Repeat everything from the first line of the listing below through the line that contains "Женские Модные сетчатые", exactly. Leave out pictures.

* * * *

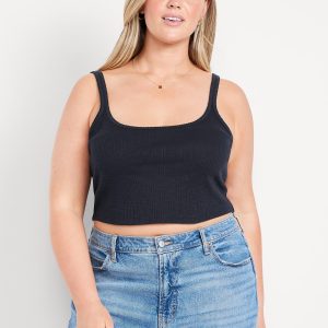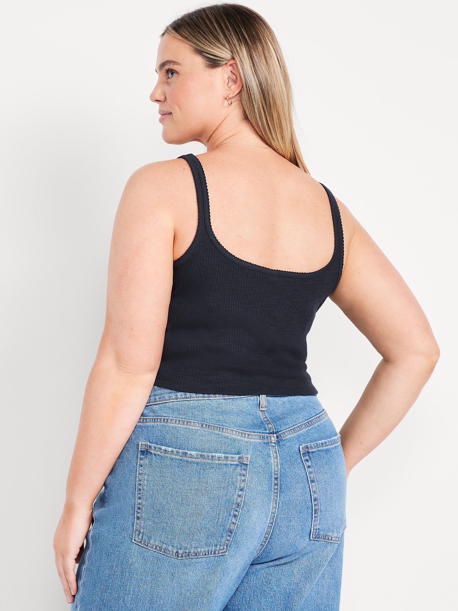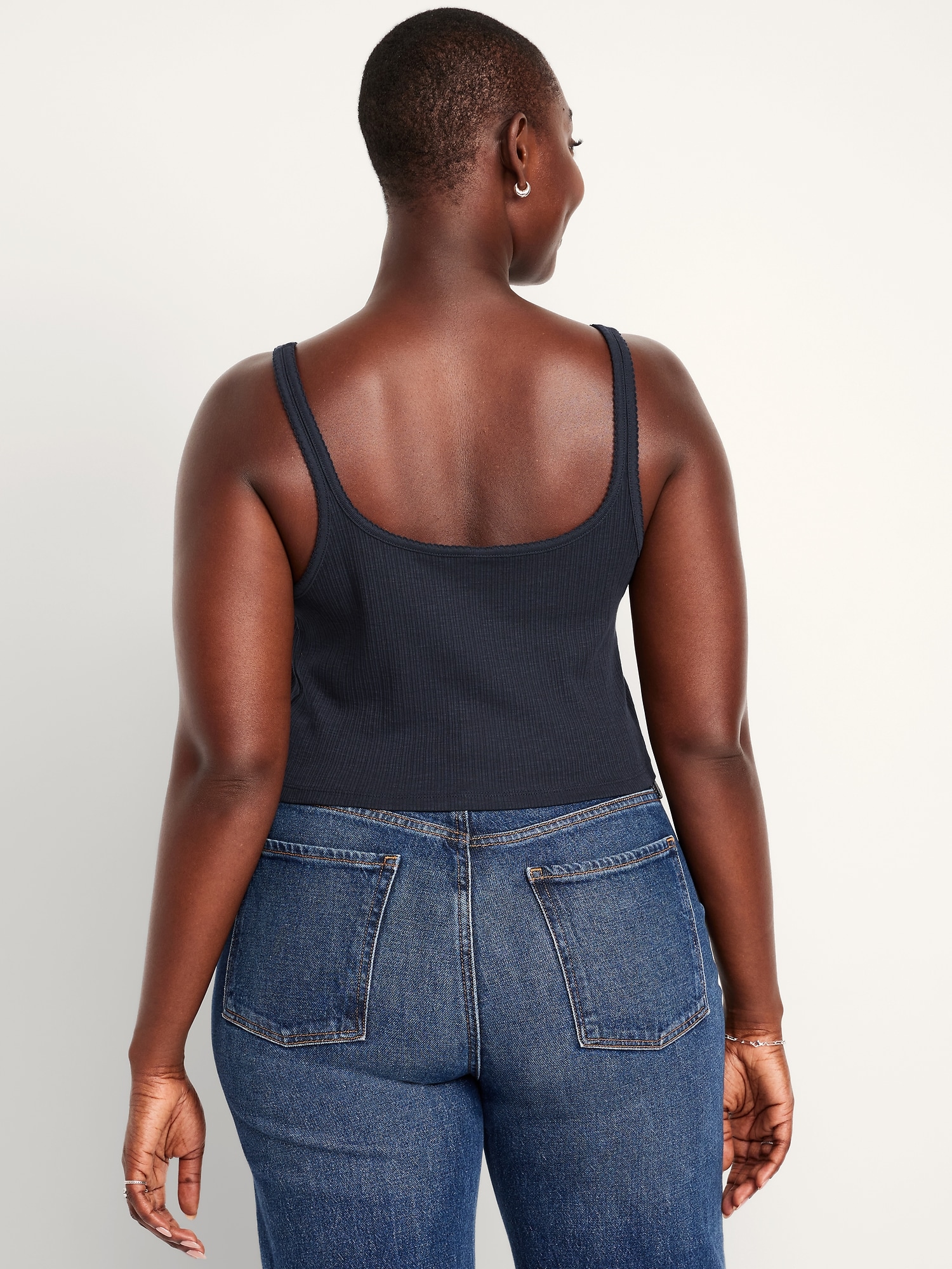 Cropped Pointelle Cami Top: scoop neck, spaghetti straps, #844566
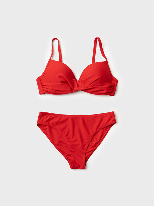 Женский раздельный купальник. Топ с мягкими чашками и плавки средней посадки. Верх выполнен с перекрутом спереди и застегивается сзади на металлическую пряжку. Бретели регулируются по длине. На плавках сзади маленький металлический значок. Изделие с мягкой подкладкой и эластичными краями для комфортной посадки. Благодаря UF-защите, ткань сохраняет первоначальный вид даже при длительном пребывании на солнце. Подойдет для пляжа, отдыха и активного лета.
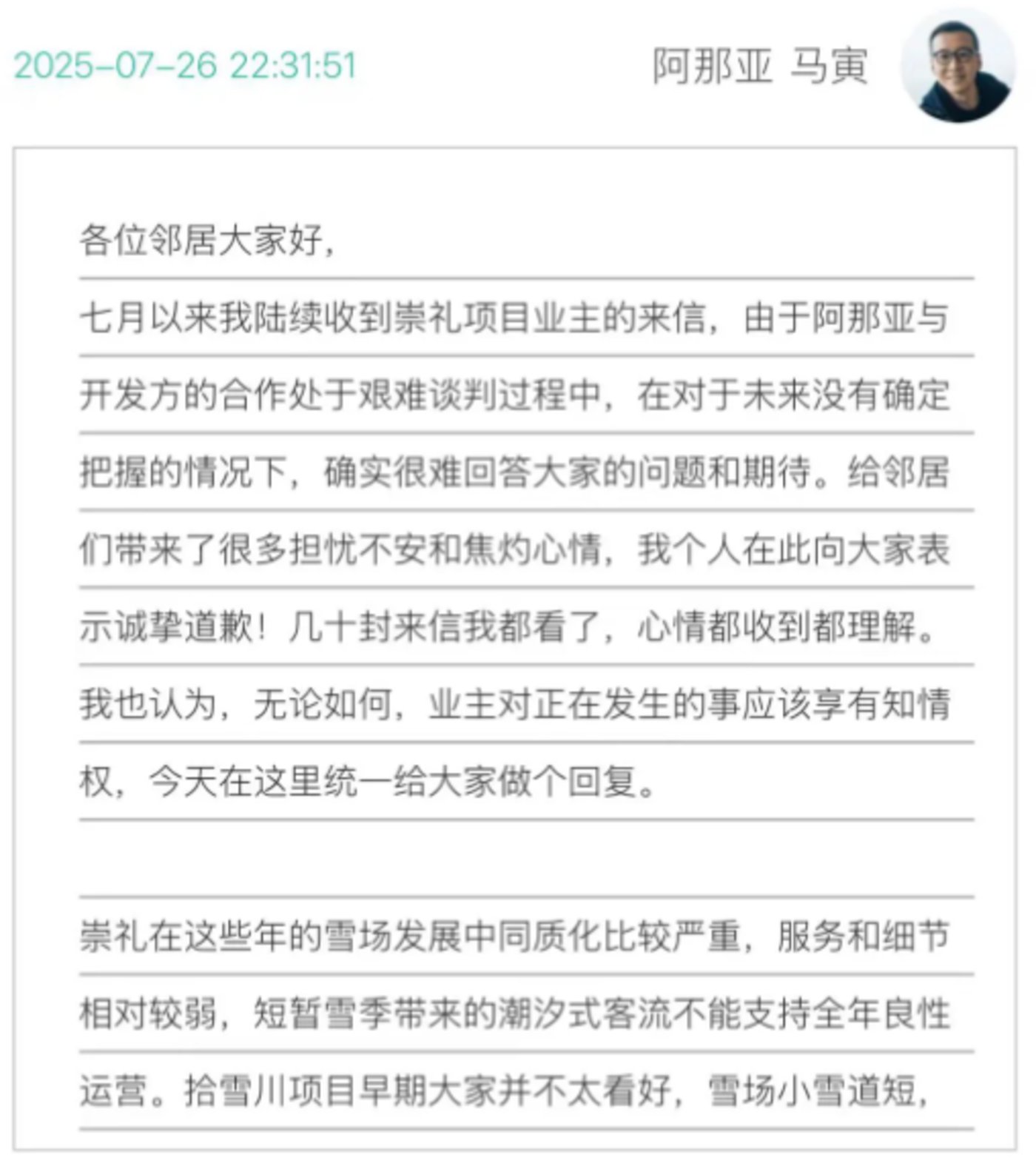 这与马寅回复信里所说的时间节点也对应上了。一直到 9 月中旬前,已经买了阿那亚崇礼房子的业主们,也只能日渐焦虑,盼望阿那亚能留下,不要等来一个三输结局。
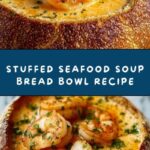 This comforting Stuffed Seafood Soup Bread Bowl features a rich and creamy seafood soup loaded with shrimp, crab, scallops, and fish, served inside crispy toasted sourdough bread bowls. The soup is packed with tender vegetables, aromatic herbs, and a hint of tomato paste, making it a hearty and satisfying meal perfect for seafood lovers.
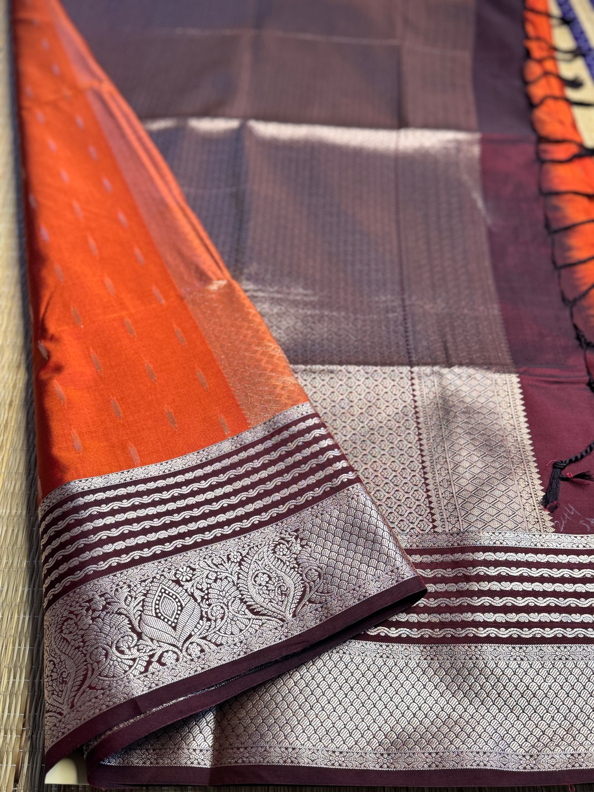 The saree features a rich Orange body adorned with subtle woven buttas, giving it a refined and elegant Kanchi-inspired look. It is beautifully complemented by a deep brown contrast border intricately woven with silver zari floral and geometric motifs. The Brown pallu, highlighted with detailed silver zari patterns, adds depth, richness, and a graceful finish to the drape.
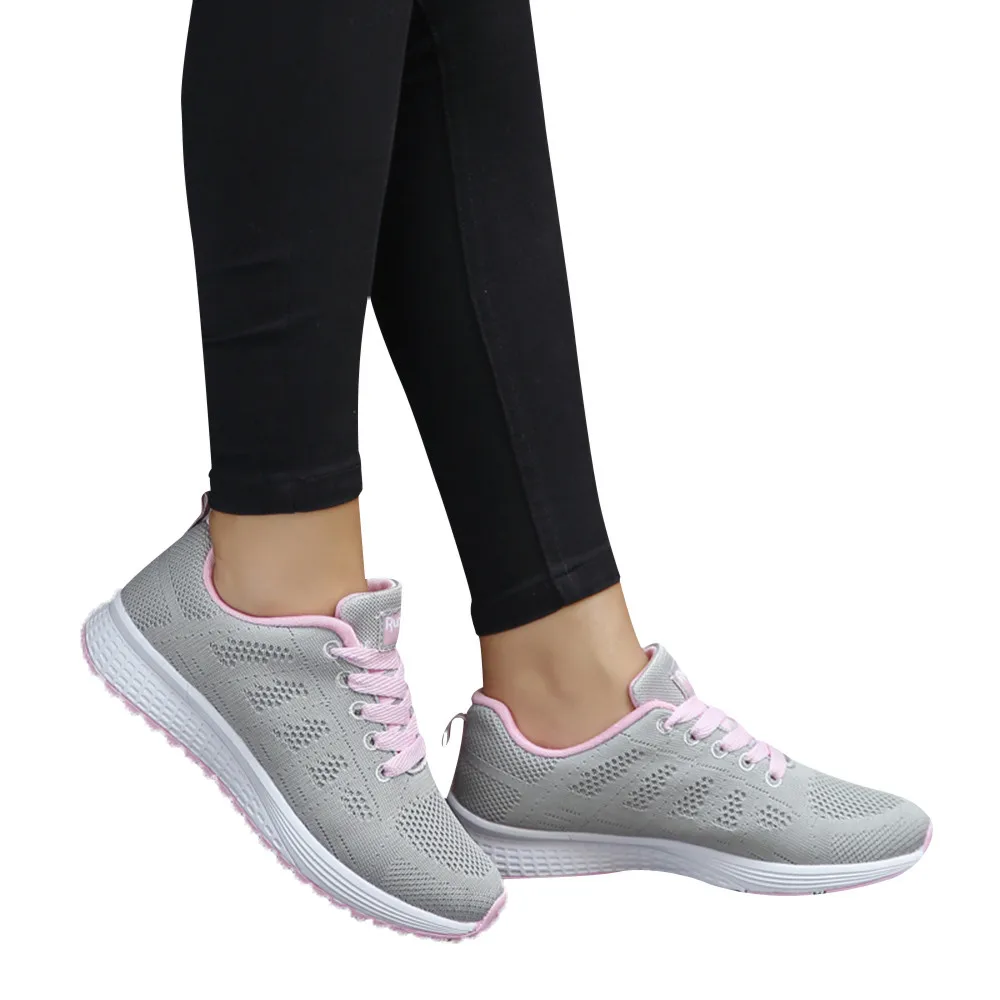 Женские Модные сетчатые кроссовки на плоской подошве с круглым поперечным Ремешком; кроссовки для бега; повседневная обувь
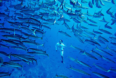 Девятикратный чемпион мира по хай-дайвингу Орландо Дюк провел очередную экспедицию близ берегов родной Колумбии, где прыгал со скал в море, буквально бурлящее стаями акул-молотов…
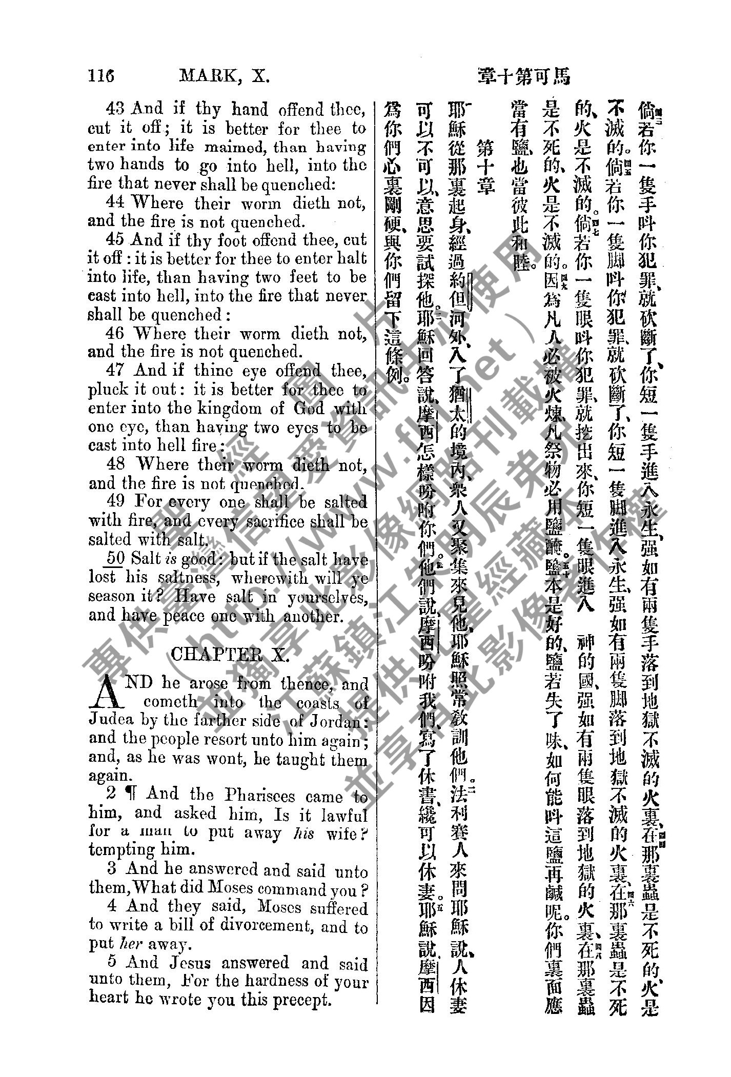 1885年新約全書 馬可福音 9 章 43 節到 10 章 5 節

* * * *

* Solved exercise *
 Cropped Pointelle Cami Top: scoop neck, spaghetti straps, #844566
 Женский раздельный купальник. Топ с мягкими чашками и плавки средней посадки. Верх выполнен с перекрутом спереди и застегивается сзади на металлическую пряжку. Бретели регулируются по длине. На плавках сзади маленький металлический значок. Изделие с мягкой подкладкой и эластичными краями для комфортной посадки. Благодаря UF-защите, ткань сохраняет первоначальный вид даже при длительном пребывании на солнце. Подойдет для пляжа, отдыха и активного лета.
 这与马寅回复信里所说的时间节点也对应上了。一直到 9 月中旬前,已经买了阿那亚崇礼房子的业主们,也只能日渐焦虑,盼望阿那亚能留下,不要等来一个三输结局。
 This comforting Stuffed Seafood Soup Bread Bowl features a rich and creamy seafood soup loaded with shrimp, crab, scallops, and fish, served inside crispy toasted sourdough bread bowls. The soup is packed with tender vegetables, aromatic herbs, and a hint of tomato paste, making it a hearty and satisfying meal perfect for seafood lovers.
 The saree features a rich Orange body adorned with subtle woven buttas, giving it a refined and elegant Kanchi-inspired look. It is beautifully complemented by a deep brown contrast border intricately woven with silver zari floral and geometric motifs. The Brown pallu, highlighted with detailed silver zari patterns, adds depth, richness, and a graceful finish to the drape.
 Женские Модные сетчатые кроссовки на плоской подошве с круглым поперечным Ремешком; кроссовки для бега; повседневная обувь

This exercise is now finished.